The record indicates that counsel was appointed on November 4, 1963, approximately four weeks after defendant’s arrest. On November 21, 1963 he filed a petition for a sanity hearing. The defendant was examined by two psychiatrists, one of which testified at the sanity hearing. Presumably, the public defender made no request for the making of a record of that proceeding, as no record was made of any portion thereof. After the jury returned its verdict that defendant was sane, a plea of not guilty was entered and his motion to reduce the bond was refused.

The public defender exercised none of the preliminary procedures available to him prior to trial. The case was brought to trial on February 5, 1964, some three months after the public defender’s appointment to represent him. During that entire time both client and attorney were in the same city, the former being confined in the county jail where he was always available for consultation. Despite this fact, his attorney failed to file a motion to suppress the confession under the provisions of Ill Rev Stats 1963, c 38, § Hill. Such a motion would have required the State to sustain the burden of satisfying the court that the confession was given voluntarily if such was to be used in evidence at trial. Due process requires that a coerced confession be excluded from consideration by the jury, and a defendant has a constitutional right to object to the use of a confession and to have a fair hearing on the issue of voluntariness, uninfluenced by the truth or falsity of the confession. Jackson v. Denno, supra. But in the instant case defense counsel made no effort to exclude the confession despite the fact that he must have known, if he conferred at all with his client or his client’s wife, that serious question existed as to the voluntariness of the confession. In so doing he gave his client no protection whatsoever against being convicted on the basis of a coerced confession.
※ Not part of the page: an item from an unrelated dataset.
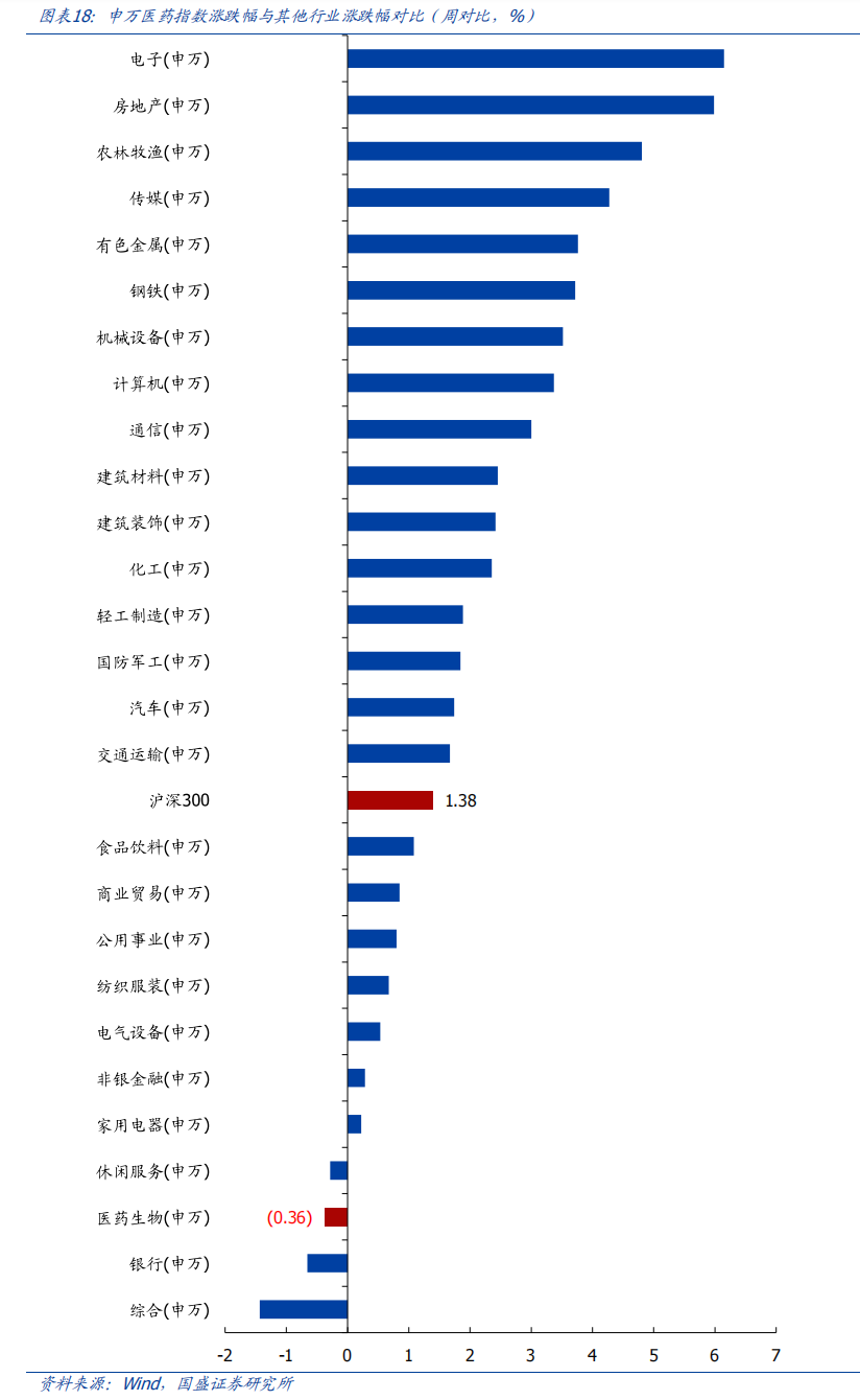 1、当周表现:本周市场震荡上行,电子、地产领涨。医药指数震荡波动为主,周一器械出现大幅上涨,周四周五创新药出现大幅波动,周五部分辨识度较高的、前期强势的A股创新药有回归趋势,整周来看港股未进港股通的医药公司较为强势,刚进通两个创新药标的涨幅在板块中靠前,其他本周看点不多。

To compound the offense, no instruction was even given to the jury to disregard the confession if it found that it was given involuntarily. Even if this were done, the United States Supreme Court’s holding in Jackson v. Denno, supra, would condemn the conviction for:

“Due process of the law requires that . . . the issue of coercion be tried by an unprejudice trier. ... it is useless to contend that a juror who has heard the confession can be uninfluenced by his opinion as to the truth or falsity of it. . . . And the rule of exclusion ought not to be emasculated by admitting the evidence and giving to the jury an instruction which . . . cannot be obeyed.
“Whether a confession is voluntary is a preliminary question which must be decided by the Court from evidence heard out of the presence of the jury.”
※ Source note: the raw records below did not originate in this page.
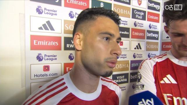 直播吧09月22日宣 阿森纳主场1-1绝平曼城。赛后绝平功臣马丁内利接受了BBC节目《MOTD》采访。
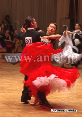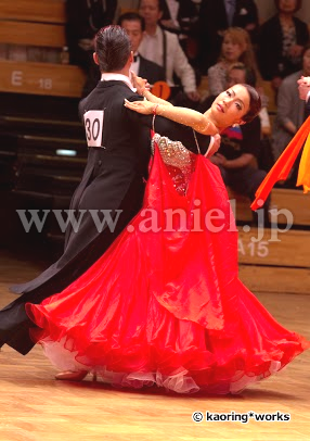 インナースカートには白のホースヘアーが使われているので重くなりすぎず、踊ると白が見え踊りを大きく見せてくれます。デコルテにはストーンがびっしりついた飾りが付いています。ウエストから背中に白のラインがあり背中には羽根のような飾りがあり後ろ姿も可愛らしいです。ハイウエストのデザインですので背の低い方におすすめのドレスです。
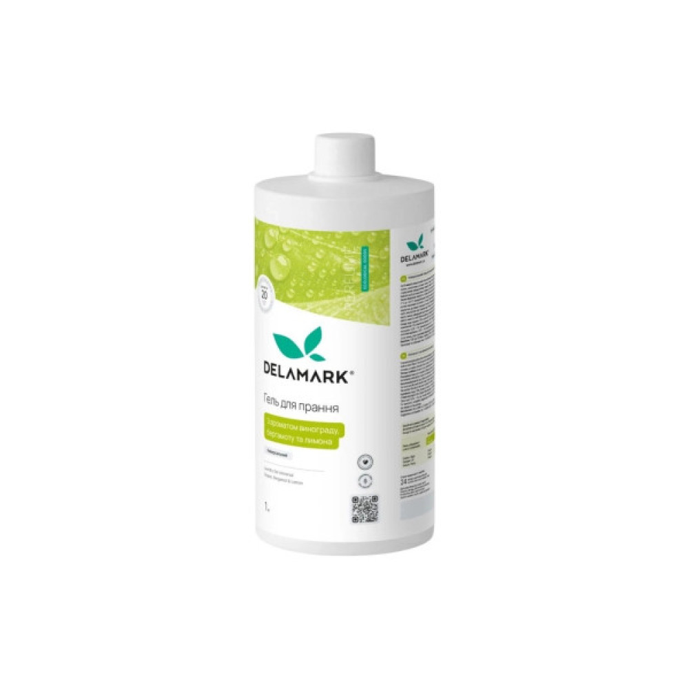 Концентрований безфосфатний гель для прання DeLaMark з ароматом винограду, бергамоту та лимона – розроблений технологами міжнародного рівня, щоб одночасно досягти трьох цілей: ефективно прати, не шкодити людині та дбайливо ставитися до природи. Гель для прання зручний у застосуванні, має надійну герметичну упаковку.
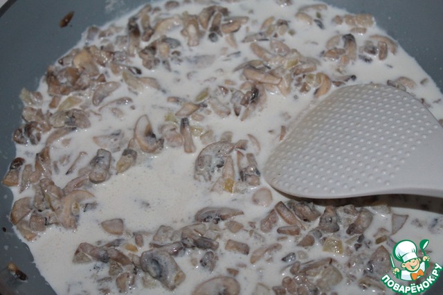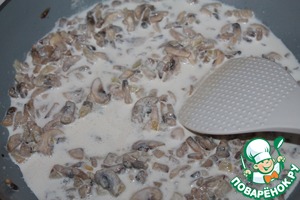 К шампиньонам добавляем обжаренную муку и быстро перемешиваем. Вливаем сливки и непрерывно мешаем, пока сливки не закипят. Сразу же снимаем с огня.
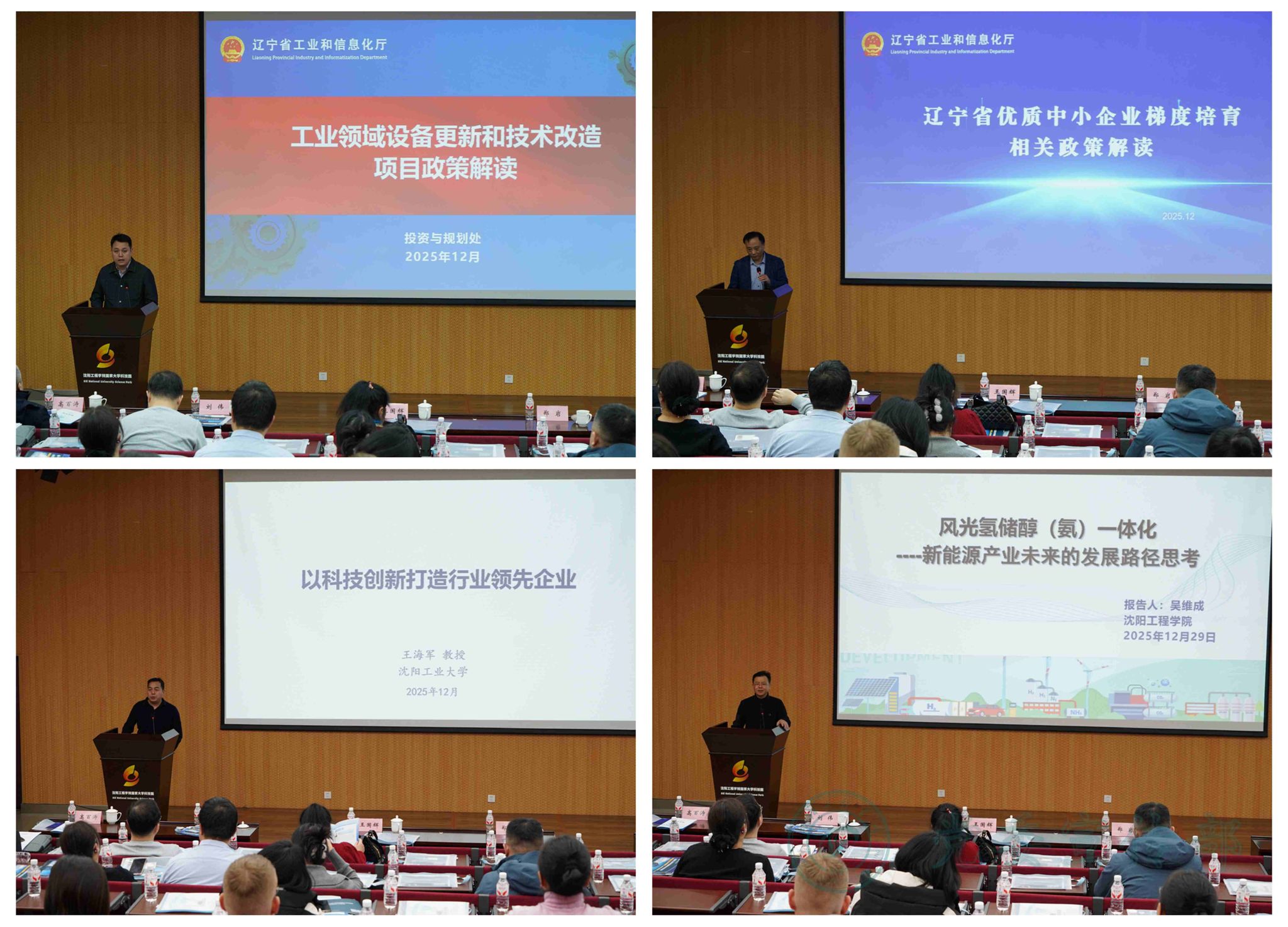 赵琰介绍了学校国家大学科技园情况并解读了共建新型工业化院实施方案。活动期间,省工信厅投资与规划处进行工业领域设备更新和技术改造项目政策解读;省工信厅中小企业处进行辽宁省优质中小企业梯度培育相关政策解读;沈阳工业大学王海军教授作“以科技创新打造行业领先企业”报告;沈阳工程学院吴维成教授作“风光氢储醇(氨)一体化——新能源产业未来的发展路径思考”报告。
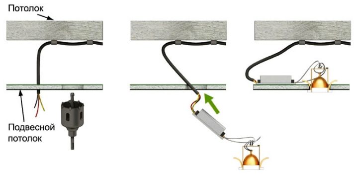 - необходимо е предварително да се запознаете с техническите данни и характеристиките на използването на определени видове източници на светлина за окачен таван.
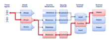 OWASP (see figure) depicts the same phenomenon in slightly different terms: a threat agent through an attack vector exploits a weakness (vulnerability) of the system and the related security controls causing a technical impact on an IT resource (asset) connected to a business impact.
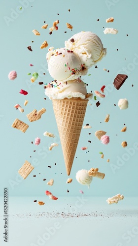 Delicious ice cream cone with toppings studio background food photography freshness aesthetic
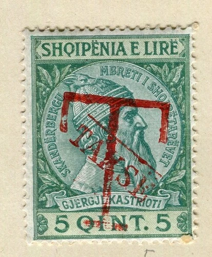 ALBANIA; 1914 early Skanderbeg ' T TAKSE ' Handstamp fine used 5q. value

The natural import of the instruction given to the jury is that some weight was to be given the confession, and the jury was not instructed to disregard the confession even if it believed it to be a product of coercion rather than the exercise of free will. Defense counsel thus emasculated his client’s efforts to show that the confession was involuntary. Neither before nor in the course of trial did he ever confront the court or jury as to the voluntariness of the confession.

Similarly, the public defender failed to file a motion to suppress Exhibits #1, 2 and 4, the photographs taken and bills confiscated at defendant’s home. The record contains conflicting versions as to how these exhibits were obtained.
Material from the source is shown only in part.